Many women are socially conscious fashion icons, and Péan’s fine jewelry has adorned such luminaries as Michelle Obama, Emma Watson, Natalie Portman and Lupita Nyong’o. If these are statement pieces, they convey the message we care about the journey of beautiful things, not just the destination. Péan commented, “Knowing that I’m using responsible materials and that they’re environmentally sound and supporting indigenous craft and design is important.” Péan pointed out that mining enough gold for a single wedding band produces 20 tons of waste. She melts down existing gold for her creations.

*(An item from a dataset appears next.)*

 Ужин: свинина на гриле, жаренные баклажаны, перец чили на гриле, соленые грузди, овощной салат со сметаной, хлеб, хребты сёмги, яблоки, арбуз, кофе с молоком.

You will find in her collections 18 carat recycled gold, fair-trade precious stones, and repurposed and conflict and devastation free diamonds.

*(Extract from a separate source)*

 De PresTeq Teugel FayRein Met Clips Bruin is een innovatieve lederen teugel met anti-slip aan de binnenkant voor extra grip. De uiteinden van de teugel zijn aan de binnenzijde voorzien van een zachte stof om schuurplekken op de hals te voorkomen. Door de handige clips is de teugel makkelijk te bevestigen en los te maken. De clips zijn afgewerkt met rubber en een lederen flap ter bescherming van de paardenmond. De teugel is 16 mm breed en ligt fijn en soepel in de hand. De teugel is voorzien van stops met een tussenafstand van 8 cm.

Péan’s fine jewelry pieces range from $650 to $500,000, and each one is hand-made in New York. “Anything worthwhile in life is not easy,” commented Péan. “I work harder now than I ever did on Wall Street but I love it — to be able to do something that fulfills me every day and makes a difference. In the entrepreneurial spirit, when there’s a will there’s a way.”

And in a world of impermanence, Péan is looking for things that last. “I like making fine jewelry because I know it will never end up in a landfill,” said Péan, “These pieces will be cherished and passed down.” She also continues her philanthropic work as a founding board member of Beespace, a nonprofit incubator that helps to identify and launch the next generation of innovative non-profits and by founding the Vanessa Péan Foundation which raises funds to provide scholarships to underprivileged students in Haiti.

Her advice to others who want to create their own path to success: “Think through your goals before you embark upon a project. As an entrepreneur so many opportunities are presented and you can get lost. Keep site of what it is you want to achieve.”